→ **ASSIGNMENT**: Exact copies of the lines below, from the one with "[SISTER ANN Official]" up to and including the one with "Luova ympäristö - luova", are what this calls for; leave out pictures.

→ **STORED DATA**:
╭──
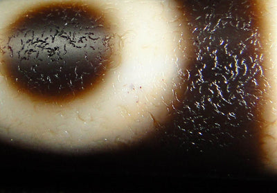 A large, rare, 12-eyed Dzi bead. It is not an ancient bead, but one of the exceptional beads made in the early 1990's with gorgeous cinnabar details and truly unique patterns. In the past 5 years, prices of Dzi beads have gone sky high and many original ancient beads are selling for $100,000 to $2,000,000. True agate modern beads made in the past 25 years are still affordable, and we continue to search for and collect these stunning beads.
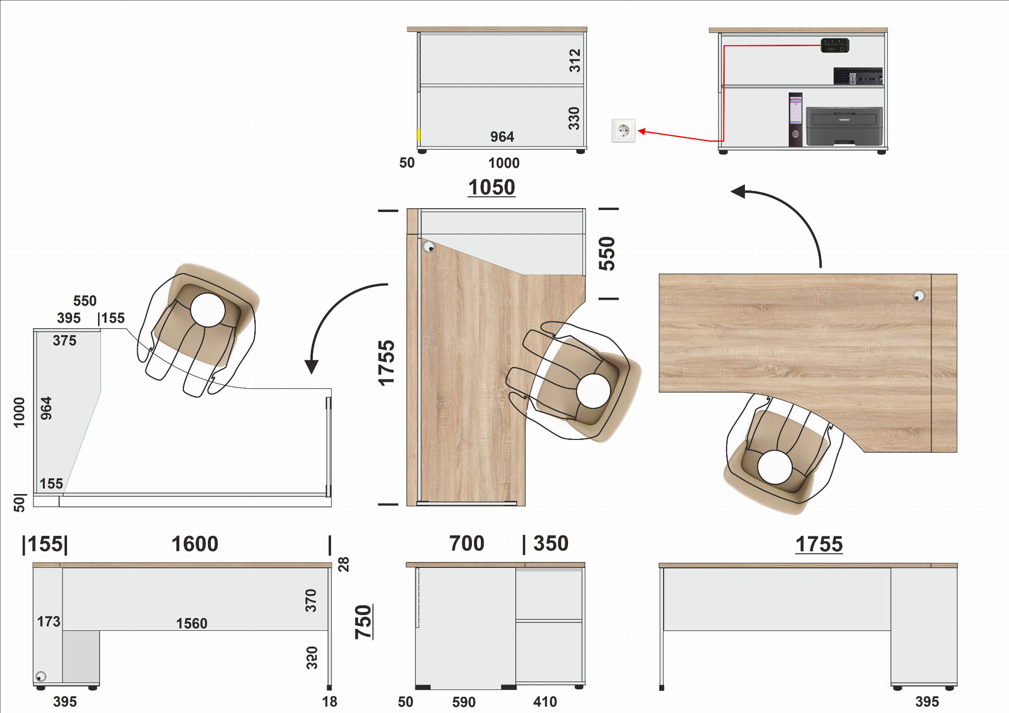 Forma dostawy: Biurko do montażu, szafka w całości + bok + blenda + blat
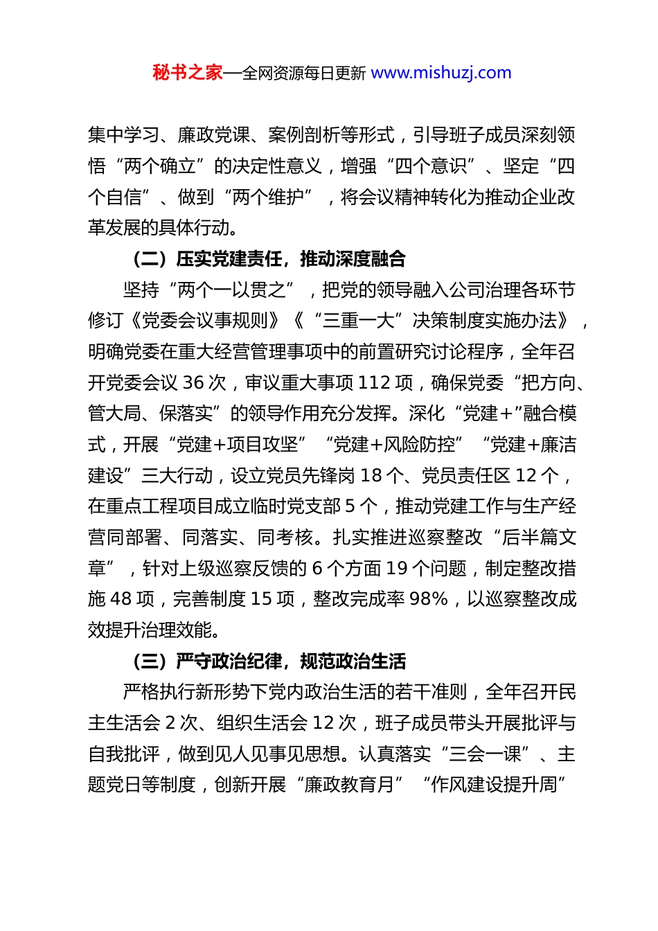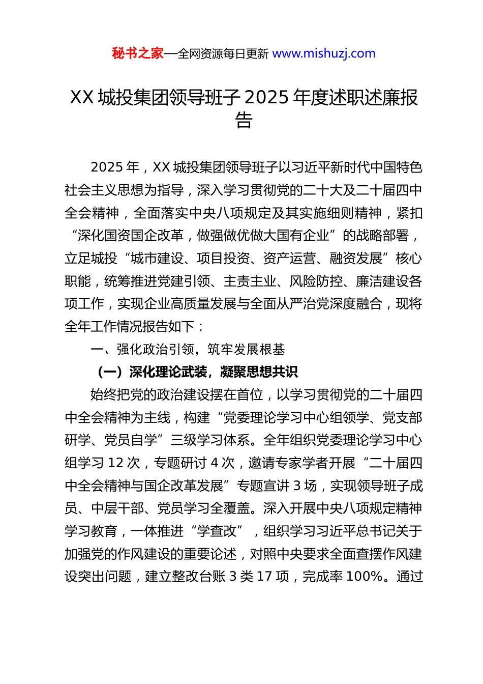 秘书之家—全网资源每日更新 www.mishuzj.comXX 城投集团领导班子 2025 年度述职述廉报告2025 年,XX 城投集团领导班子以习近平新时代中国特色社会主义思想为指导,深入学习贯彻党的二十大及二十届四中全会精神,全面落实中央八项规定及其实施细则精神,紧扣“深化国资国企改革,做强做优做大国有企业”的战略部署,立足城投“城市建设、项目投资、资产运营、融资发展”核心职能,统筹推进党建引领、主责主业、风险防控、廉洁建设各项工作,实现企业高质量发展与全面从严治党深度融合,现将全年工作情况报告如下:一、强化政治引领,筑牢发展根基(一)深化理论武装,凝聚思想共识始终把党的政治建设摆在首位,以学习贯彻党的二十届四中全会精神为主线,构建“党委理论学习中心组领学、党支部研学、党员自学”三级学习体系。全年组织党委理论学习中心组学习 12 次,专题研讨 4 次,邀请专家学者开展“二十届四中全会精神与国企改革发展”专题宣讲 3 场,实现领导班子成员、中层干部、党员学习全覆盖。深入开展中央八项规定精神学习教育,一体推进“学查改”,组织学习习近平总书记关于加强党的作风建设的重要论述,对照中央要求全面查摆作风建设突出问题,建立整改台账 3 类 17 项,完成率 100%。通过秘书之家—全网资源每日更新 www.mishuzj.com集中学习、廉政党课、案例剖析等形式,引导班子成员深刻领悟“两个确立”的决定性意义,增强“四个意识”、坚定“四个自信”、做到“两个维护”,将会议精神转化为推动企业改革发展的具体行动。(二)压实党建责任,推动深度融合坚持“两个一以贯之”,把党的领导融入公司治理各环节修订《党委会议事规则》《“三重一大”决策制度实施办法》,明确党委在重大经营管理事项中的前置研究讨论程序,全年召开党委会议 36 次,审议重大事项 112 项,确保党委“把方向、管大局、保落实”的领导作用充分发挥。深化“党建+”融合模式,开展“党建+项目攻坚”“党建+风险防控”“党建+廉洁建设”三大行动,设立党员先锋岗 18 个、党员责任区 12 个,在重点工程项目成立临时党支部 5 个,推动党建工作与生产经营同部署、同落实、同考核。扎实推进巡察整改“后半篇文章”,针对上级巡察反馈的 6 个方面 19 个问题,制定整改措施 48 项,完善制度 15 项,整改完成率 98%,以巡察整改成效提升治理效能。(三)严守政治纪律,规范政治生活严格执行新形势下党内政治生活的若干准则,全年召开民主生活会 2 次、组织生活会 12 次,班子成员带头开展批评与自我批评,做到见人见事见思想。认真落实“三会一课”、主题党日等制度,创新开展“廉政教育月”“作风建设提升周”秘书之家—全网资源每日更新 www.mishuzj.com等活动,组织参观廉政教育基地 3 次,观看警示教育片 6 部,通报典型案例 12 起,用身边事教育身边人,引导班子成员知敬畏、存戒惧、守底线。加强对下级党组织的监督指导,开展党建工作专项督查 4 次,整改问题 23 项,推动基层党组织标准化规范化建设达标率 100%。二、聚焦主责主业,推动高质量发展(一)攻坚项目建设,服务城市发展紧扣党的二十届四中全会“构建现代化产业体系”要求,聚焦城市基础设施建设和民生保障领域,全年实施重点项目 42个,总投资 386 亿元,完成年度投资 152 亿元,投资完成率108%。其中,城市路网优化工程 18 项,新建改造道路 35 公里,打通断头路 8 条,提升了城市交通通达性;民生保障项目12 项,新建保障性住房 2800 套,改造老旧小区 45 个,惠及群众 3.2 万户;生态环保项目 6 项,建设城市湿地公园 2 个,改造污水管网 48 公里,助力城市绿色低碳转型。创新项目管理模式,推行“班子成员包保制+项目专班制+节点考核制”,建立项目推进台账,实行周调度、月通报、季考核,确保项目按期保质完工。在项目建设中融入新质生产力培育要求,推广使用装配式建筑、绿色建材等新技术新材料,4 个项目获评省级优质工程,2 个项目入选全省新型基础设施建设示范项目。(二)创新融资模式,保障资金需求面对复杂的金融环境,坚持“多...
╰──
╭──
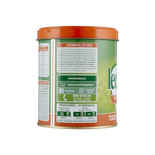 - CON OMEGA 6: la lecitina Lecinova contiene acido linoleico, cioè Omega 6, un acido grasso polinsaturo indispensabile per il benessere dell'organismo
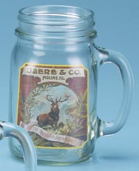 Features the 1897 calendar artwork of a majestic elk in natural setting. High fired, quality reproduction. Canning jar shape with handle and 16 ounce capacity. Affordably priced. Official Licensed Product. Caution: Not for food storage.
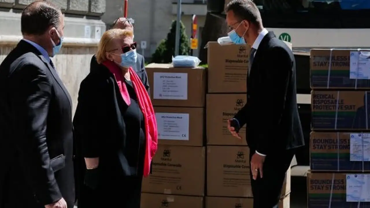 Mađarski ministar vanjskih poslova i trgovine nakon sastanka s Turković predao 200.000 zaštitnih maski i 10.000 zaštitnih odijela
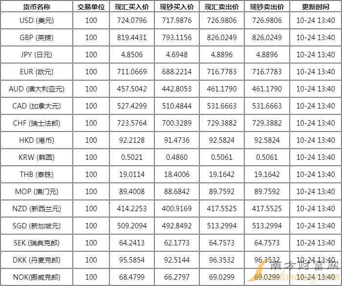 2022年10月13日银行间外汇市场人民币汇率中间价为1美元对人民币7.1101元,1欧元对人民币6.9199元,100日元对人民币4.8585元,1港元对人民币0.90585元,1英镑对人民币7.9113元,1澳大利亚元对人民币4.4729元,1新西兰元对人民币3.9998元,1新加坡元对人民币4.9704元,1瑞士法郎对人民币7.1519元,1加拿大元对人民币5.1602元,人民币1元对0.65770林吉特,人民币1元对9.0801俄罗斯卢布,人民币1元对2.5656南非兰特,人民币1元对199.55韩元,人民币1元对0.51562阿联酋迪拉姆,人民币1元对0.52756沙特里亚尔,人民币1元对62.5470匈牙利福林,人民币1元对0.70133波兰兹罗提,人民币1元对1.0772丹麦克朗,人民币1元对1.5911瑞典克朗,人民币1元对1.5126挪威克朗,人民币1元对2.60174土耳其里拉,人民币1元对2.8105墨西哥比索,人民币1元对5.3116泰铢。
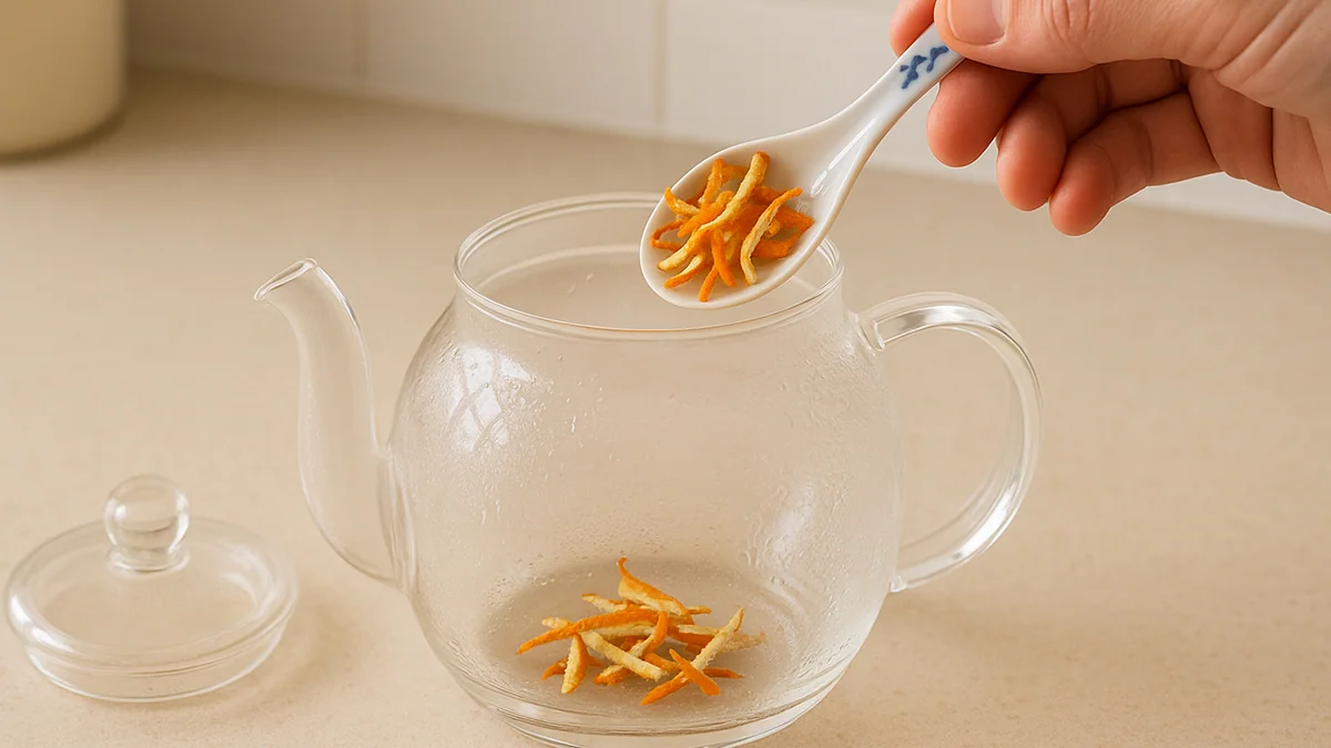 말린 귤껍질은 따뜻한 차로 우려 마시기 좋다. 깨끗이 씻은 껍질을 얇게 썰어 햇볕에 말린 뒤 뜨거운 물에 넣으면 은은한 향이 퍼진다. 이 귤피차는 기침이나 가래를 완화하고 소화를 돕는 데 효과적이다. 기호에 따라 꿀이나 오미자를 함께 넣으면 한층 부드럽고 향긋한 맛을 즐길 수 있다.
╰──
╭──
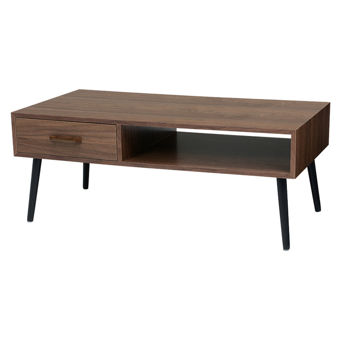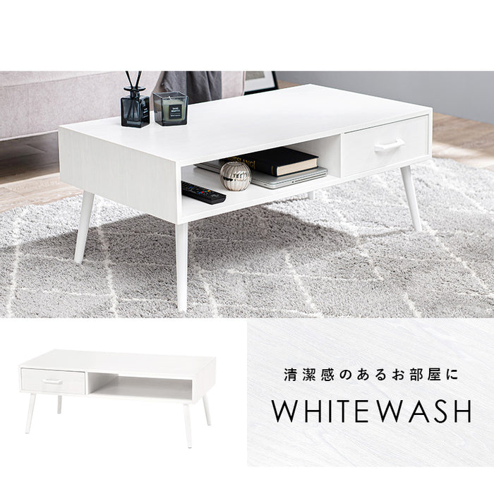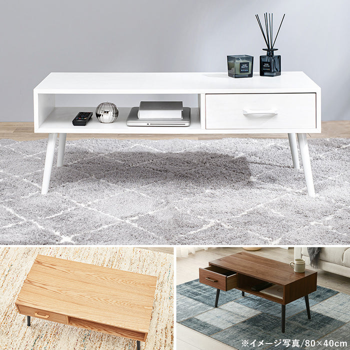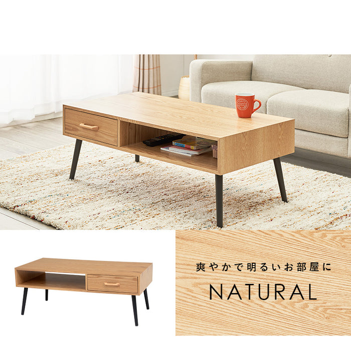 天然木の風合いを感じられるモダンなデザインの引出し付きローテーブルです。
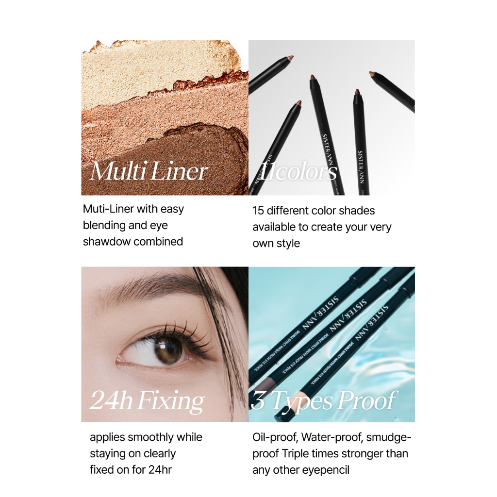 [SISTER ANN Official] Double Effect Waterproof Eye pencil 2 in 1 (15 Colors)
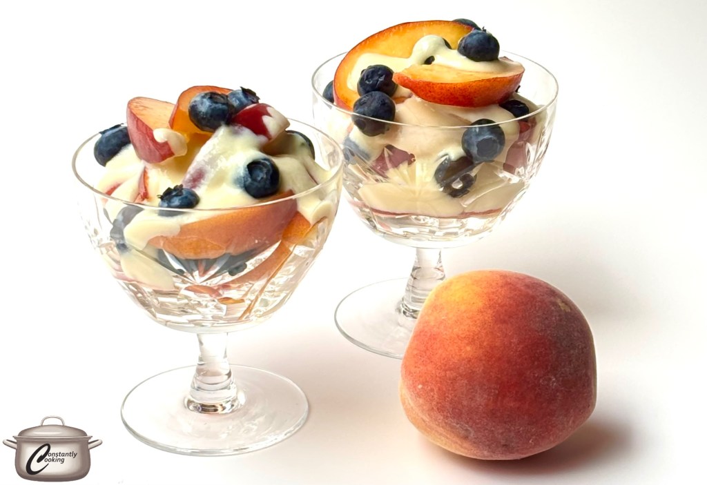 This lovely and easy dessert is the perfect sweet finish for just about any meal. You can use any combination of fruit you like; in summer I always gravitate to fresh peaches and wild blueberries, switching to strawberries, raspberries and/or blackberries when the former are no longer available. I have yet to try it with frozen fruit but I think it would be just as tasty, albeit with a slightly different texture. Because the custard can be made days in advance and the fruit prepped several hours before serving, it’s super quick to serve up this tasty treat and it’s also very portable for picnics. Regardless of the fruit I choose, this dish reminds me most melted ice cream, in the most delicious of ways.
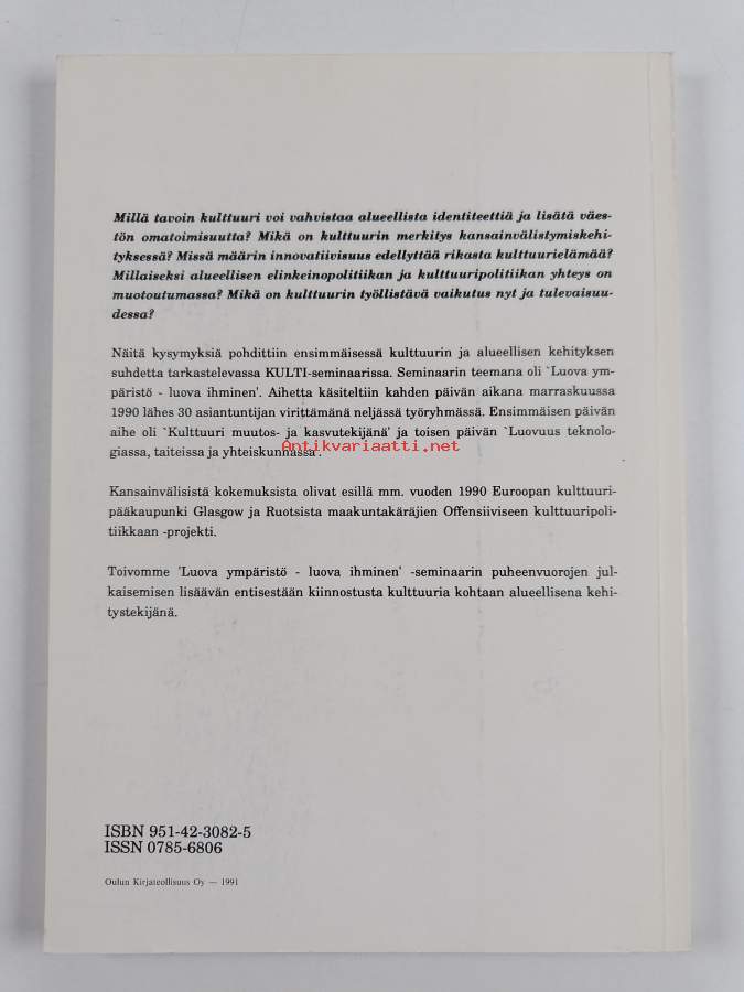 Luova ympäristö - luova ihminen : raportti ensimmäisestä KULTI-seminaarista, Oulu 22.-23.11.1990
╰──
→ **OUTPUT FOR THIS EXERCISE**:
 [SISTER ANN Official] Double Effect Waterproof Eye pencil 2 in 1 (15 Colors)
 This lovely and easy dessert is the perfect sweet finish for just about any meal. You can use any combination of fruit you like; in summer I always gravitate to fresh peaches and wild blueberries, switching to strawberries, raspberries and/or blackberries when the former are no longer available. I have yet to try it with frozen fruit but I think it would be just as tasty, albeit with a slightly different texture. Because the custard can be made days in advance and the fruit prepped several hours before serving, it’s super quick to serve up this tasty treat and it’s also very portable for picnics. Regardless of the fruit I choose, this dish reminds me most melted ice cream, in the most delicious of ways.
 Luova ympäristö - luova ihminen : raportti ensimmäisestä KULTI-seminaarista, Oulu 22.-23.11.1990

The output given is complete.